Guest Post: I asked longtime friend, Justin Campana who works for JCDecaux North America, the largest out-of-home media company in the world to offer perspective on the state of advertising and how restaurants should act accordingly.
I am a firm believer that every business, no matter how big or small, should advertise. And obviously it is incumbent upon the people in an organization responsible for marketing to use the resources set aside for advertising in the best way possible.
The question every marketing manager should ask themselves on a daily basis is, “Am I buying the right mix of media in order to most effectively influence our current and potential customers?”
As an account executive for an Out of Home advertising company, my attitude is one that can be summed up best as “advertise at all costs!”. My ideal kind of clients are the ones who understand the value of advertising and have a willingness to invest in their business no matter what the overall economic climate may be.
Obviously for business owners and managers of mid-level companies, that kind of approach to marketing is often untenable when faced with real-world limitations; not the least of which is budget and cash-flow.
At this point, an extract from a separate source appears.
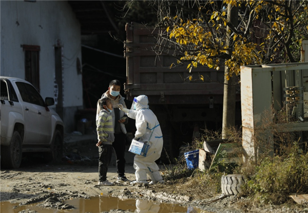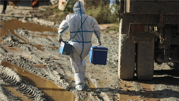 11月25日中午,忙完第一輪核酸采集,再接到流調通知單后,王康又立馬帶著他的“小伙伴”前往三里社區(qū)為居家隔離人員做核酸檢測,溝深路滑,因前幾日陰雨天氣路面濕滑,在上一處陡坡時,車輪瞬間開始側滑,但是時間緊迫只能一試再試,大概試了20余次,在村上壓路車的幫助下,又試了兩次車子終于緩緩啟動。喜悅之余他們就即刻趕往隔離群眾家中,“我們快一點,再快一點,就能讓等待的人少受一點冷”,這是“大白”們共同的心愿。

For restaurants, advertising can be a tricky business. Many times the type of advertising a restaurant employs can brand it as a certain type of establishment. For instance, there are certain restaurants that employ local cable ad buys to most effectively target their customers. There are others that only rely on word-of-mouth and buzz created by the press.
Between television, radio, outdoor, online, and print, there is a medium which suits your business best. But it is often a mixture of some if not all of these mediums which yields the best results as far as getting customers engaged and in the mood to buy what that business is selling.
Nearly all restaurants are already utilizing outdoor media to influence potential customers. It is the rare establishment that doesn’t at least have a sign on the door telling people that they are at the right place (and those that are too snooty or progressive to have signage must be doing some incredible marketing in other ways to let people know where they are). Others use sandwich boards on the sidewalk to advertise specials or highlight the best that they have to offer (“Two for One Appetizers!” “Live Music!”).
Directional signage can also be a great way to drive customers to your restaurant.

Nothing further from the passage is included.